Jeremy Dixon and Edward Jones

I have tried to attach a news report from the Architect’s Journal, but it resists all my attempts. It is a very mournful piece of news so far as I’m concerned, announcing the closure of the architectural practice of Jeremy Dixon and Edward Jones.

I first met Jeremy and Ed in the summer of 1994, when John Wykeham, the then Head of Administration, and I were going round meeting architects who we might consider to re-design the National Portrait Gallery. They had an office in Percy Street and were working together on the plans for the Royal Opera House, a young practice as they described themselves even though they were both in their mid-fifties, having known one another at the Architectural Association, worked together at Milton Keynes, collaborated on the design of Northampton Town Hall and then gone their separate ways for over a decade until Ed wanted to come back to London from Canada and Jeremy needed help on the Royal Opera House.

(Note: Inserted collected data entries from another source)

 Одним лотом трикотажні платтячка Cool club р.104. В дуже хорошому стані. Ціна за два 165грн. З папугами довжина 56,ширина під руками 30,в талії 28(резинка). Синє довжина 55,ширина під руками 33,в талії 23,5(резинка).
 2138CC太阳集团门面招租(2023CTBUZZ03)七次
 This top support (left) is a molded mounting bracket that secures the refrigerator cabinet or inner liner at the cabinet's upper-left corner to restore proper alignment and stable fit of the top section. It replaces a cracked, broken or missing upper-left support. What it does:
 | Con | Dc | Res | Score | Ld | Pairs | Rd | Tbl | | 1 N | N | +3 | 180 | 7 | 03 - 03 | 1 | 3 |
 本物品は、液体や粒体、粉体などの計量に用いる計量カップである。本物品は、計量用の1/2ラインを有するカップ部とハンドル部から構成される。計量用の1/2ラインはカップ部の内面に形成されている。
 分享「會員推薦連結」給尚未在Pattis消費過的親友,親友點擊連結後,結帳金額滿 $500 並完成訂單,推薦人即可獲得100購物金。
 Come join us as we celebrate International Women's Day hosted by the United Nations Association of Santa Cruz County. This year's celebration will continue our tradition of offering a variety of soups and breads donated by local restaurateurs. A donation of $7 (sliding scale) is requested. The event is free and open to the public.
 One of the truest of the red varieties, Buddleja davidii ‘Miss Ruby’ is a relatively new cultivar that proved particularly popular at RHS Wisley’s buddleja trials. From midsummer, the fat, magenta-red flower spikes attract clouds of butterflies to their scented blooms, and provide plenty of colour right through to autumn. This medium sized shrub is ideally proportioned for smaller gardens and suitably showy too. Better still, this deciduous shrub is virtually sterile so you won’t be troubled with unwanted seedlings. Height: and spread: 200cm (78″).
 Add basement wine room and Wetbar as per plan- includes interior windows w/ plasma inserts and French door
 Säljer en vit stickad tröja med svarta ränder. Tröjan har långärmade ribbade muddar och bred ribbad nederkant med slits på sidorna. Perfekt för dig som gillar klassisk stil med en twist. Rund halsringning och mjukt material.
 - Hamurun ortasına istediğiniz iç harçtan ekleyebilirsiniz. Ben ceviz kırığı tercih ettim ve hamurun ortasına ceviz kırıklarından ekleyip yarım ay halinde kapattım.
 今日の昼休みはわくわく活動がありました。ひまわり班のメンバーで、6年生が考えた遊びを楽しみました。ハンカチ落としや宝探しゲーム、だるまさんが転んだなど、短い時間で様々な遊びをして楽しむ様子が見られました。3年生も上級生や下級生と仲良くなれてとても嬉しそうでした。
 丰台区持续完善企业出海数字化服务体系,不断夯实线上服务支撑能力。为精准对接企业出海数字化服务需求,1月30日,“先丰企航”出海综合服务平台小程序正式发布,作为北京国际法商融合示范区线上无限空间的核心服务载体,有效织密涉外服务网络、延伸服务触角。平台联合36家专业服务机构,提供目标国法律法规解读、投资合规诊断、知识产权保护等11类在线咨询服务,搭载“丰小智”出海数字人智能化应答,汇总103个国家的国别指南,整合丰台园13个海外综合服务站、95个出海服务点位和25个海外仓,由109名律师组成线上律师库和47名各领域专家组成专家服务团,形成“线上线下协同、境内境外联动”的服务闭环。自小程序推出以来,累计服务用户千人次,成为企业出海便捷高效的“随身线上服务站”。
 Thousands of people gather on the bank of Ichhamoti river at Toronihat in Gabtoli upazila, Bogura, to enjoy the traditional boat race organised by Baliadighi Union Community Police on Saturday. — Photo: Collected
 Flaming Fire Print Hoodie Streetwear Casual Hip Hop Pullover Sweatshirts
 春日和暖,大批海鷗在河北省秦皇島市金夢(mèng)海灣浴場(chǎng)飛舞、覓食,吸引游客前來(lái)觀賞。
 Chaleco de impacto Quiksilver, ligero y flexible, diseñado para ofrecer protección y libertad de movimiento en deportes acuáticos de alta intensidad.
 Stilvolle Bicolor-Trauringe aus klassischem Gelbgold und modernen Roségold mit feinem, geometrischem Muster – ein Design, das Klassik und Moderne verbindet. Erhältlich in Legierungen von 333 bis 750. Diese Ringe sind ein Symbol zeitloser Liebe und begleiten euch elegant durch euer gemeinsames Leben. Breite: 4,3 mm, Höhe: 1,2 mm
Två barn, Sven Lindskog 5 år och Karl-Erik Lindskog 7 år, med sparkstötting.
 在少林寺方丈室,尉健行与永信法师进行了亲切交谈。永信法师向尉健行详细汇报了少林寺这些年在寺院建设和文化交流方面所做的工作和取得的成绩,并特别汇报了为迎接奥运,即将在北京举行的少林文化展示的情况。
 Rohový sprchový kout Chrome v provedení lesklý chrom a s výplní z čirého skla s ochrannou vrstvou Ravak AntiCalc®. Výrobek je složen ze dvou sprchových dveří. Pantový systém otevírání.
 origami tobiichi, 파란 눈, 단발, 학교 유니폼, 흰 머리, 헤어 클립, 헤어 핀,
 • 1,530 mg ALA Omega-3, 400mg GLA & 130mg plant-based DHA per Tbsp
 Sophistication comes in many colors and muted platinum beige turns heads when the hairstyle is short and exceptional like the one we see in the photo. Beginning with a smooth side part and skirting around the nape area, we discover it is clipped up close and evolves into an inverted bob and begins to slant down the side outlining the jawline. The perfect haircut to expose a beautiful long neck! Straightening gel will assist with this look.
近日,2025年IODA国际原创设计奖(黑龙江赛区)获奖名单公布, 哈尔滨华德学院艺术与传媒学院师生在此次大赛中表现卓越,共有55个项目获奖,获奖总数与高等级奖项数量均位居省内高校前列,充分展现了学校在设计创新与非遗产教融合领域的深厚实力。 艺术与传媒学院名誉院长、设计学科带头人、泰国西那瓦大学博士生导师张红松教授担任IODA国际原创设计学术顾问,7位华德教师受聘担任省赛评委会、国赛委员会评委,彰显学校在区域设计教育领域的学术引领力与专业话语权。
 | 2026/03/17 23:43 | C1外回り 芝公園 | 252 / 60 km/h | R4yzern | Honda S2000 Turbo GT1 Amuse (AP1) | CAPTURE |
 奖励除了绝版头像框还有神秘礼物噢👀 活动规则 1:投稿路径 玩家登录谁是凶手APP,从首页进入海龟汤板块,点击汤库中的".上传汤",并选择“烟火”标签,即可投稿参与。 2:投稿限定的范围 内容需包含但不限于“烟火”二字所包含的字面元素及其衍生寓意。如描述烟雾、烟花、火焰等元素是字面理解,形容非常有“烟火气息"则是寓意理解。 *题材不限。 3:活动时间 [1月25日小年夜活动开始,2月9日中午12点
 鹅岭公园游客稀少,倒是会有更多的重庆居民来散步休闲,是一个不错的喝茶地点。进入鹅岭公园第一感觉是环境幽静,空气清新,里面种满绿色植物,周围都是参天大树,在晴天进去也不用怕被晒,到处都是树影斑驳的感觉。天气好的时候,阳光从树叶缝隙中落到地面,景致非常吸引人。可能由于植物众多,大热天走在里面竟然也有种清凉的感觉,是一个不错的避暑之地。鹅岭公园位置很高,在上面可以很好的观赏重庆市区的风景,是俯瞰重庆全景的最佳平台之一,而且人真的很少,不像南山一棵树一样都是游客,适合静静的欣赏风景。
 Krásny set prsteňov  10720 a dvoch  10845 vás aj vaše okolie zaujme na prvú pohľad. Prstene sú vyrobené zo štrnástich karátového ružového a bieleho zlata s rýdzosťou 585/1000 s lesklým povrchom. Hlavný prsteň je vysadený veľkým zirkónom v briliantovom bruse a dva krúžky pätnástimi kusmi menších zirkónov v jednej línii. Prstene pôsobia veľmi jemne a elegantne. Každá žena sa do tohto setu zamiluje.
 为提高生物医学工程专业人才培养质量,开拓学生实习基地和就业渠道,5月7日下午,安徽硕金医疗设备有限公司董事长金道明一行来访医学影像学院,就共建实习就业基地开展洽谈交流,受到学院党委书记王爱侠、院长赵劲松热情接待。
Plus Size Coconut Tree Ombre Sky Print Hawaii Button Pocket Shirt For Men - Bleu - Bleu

I worked with them for ten years or so: on the design of the Ondaatje Wing and the reshaping of the ground floor of the National Gallery. They have had a good run and have done an amazing amount of intelligent, well considered and important work, for which they don’t always get the credit they deserve.


2 thoughts on “Jeremy Dixon and Edward Jones

  1. Lilly Koltun says:

    I could not agree more with the plaudits. Edward in particular was extraordinary thoughtful in designs for the proposed Portrait Gallery of Canada, which was unfortunately ended for political reasons.